First day. Moseyed into the airport with lots of time. Got $15 airport salad. Felt great eating it. Then I got into a really weird fugue and got super drowsy and tired. I didn't want to do anything. Didn't want to listen to podcast or anything but sit and not do anything. I zoned out like this for hours. I couldn't sit comfortably, the sun slanted slowly toward my face. Agony.
The feeling continued on the plane. It was only an hour and 14 minute ride and I hated that it was that short and I couldn't settle in. I was agitated like crazy. I hated how I had to do something. I wished my mom didn't have cancer and I was free from worry and family and I were on my way to some cabin in the woods where I could spend weeks alone instead of going to fucking Las Vegas.
Then the magic happened. I landed and met up with V and it was like a switch flipped. I stopped paying attention to myself and just started talking and being a normal person around someone else. Even as I was self-assessing peeking out within my brain, I could see and feel the transformation.

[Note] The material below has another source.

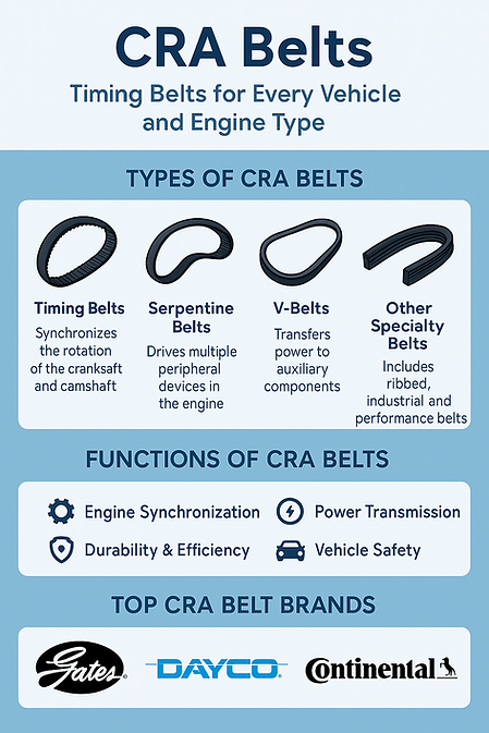 CRA also manufactures ribbed belts, industrial belts, and performance belts for specialized vehicles and machinery. These belts are engineered to meet high-stress and high-performance requirements.

We passed through brief blasts of outside temperature air as we moved from AC space to AC space. Got the rental car. They charged a lot for insurance and additional driver for V. I don't think either of us minded. I charged and charged. The booth agent looked at the first car we picked and wrote something on the windshield and told us it was bad and we should get another car. The car felt loose and sensitive. I have to get used to it. I drove very meekly and uncertainly and felt the same way as I did when I first started driving. I turned left into the wrong way turning lane again. What the fuck is up with that.
Picked up V's boyfriend and his friends. They were there for a Magic convention. We went out for all-you-can-eat sushi, which was surprisingly good for an all-you-can-eat sushi place. It felt good to be in a group.
Back at the hotel and typing. Got free cookies from hotel. It's late. Can't wait to get out of the city tomorrow.